Let $B_t$ a standard real valued Brownian motion, its running minimum $s_t \triangleq \min \limits_{0 \leq s \leq t} B_s$ and running maximum $S_t \triangleq \max \limits_{0 \leq s \leq t} B_s$. From Revuz Yor p.111, we know that for any Borel set $E \in \mathcal{B}([a,b])$, $$ \mathbb{P}(B_t \in E, a \leq s_t < S_t \leq b) = \int_E k(x) {\rm d} x $$ where $$ k(x) \triangleq \frac{1}{\sqrt{2 \pi t}}\sum \limits_{j \in \mathbb{Z}} f_j(x,a,b) $$ and for each $j$ $$ f_j(x,a,b) \triangleq \exp \left (-\frac{1}{2t}g_j(x,a,b)^2 \right ) - \exp \left (-\frac{1}{2t}\left (g_j(x,a,b) - 2b \right )^2 \right ) $$ and $g_j(x,a,b) \triangleq x+2j(b-a)$.

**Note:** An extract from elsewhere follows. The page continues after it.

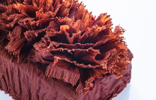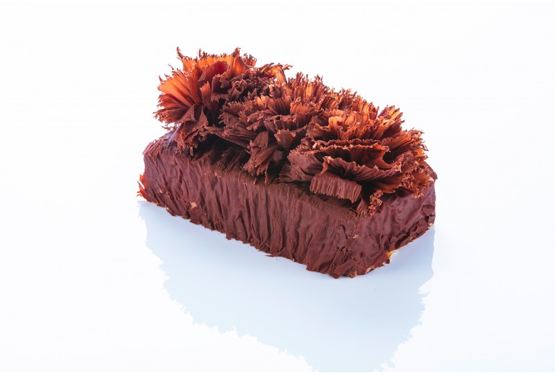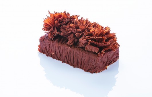Praline ganache decor and chocolate shavings.

Question: Can we find a function $\hat k(x,\mathfrak{z}_1,\mathfrak{z}_2)$ such that $$ k(x) = \int_a^\infty \int_{\mathfrak{z}_1}^b \hat k(x,\mathfrak{z}_1,\mathfrak{z}_2) {\rm d} \mathfrak{z}_2 {\rm d} \mathfrak{z}_1? $$ In that case, the function $\hat k$ is the joint density of the triple $(B_t,s_t,S_t)$.

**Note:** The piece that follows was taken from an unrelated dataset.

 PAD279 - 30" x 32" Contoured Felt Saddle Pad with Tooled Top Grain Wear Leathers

heads up on (my) difficulties
Maybe I am missing something but it does not seem straightforward. If we proceed term by term in the series, we would like to find $\hat f_j(x,\mathfrak{z}_1,\mathfrak{z}_2)$ such that $$ f_j(x,a,b) = \int_a^\infty \int_{\mathfrak{z}_1}^b \hat f_j(x,\mathfrak{z}_1,\mathfrak{z}_2) {\rm d} \mathfrak{z}_2 {\rm d} \mathfrak{z}_1, $$ thus $$ -\frac{\partial f_j}{\partial a}(x,a,b) = \int_a^b \hat f_j(x,a,\mathfrak{z}_2) {\rm d} \mathfrak{z}_2. $$ If we can find a function $\lambda_j(x,a,b)$ such that $$ -\frac{\partial f_j}{\partial a}(x,a,b) = \lambda_j(x,a,b) - \lambda_j(x,a,a), $$ then $\hat f_j$ must be $\frac{ \partial \lambda_j}{\partial b}$. If I am not mistaken, the problem is to find such a function $\lambda_j$.

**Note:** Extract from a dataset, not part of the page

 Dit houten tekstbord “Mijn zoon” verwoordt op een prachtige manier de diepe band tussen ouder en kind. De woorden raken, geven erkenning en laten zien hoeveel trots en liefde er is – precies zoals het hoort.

From the formula $$ \mathbb{P}(B_t \in E, a \leq s_t < S_t \leq b) = \int_E k(x,a,b) {\rm d} x $$ where $$ k(x,a,b) \triangleq \frac{1}{\sqrt{2 \pi t}}\sum \limits_{j \in \mathbb{Z}} f_j(x,a,b) $$ you deduce directly that the joint density is $$\hat{k}(x,a,b)=-\frac{\partial^2 k}{\partial a \, \partial b} (x,a,b) $$ for $a<x<b$, as long as this partial derivative is continuous (which it is).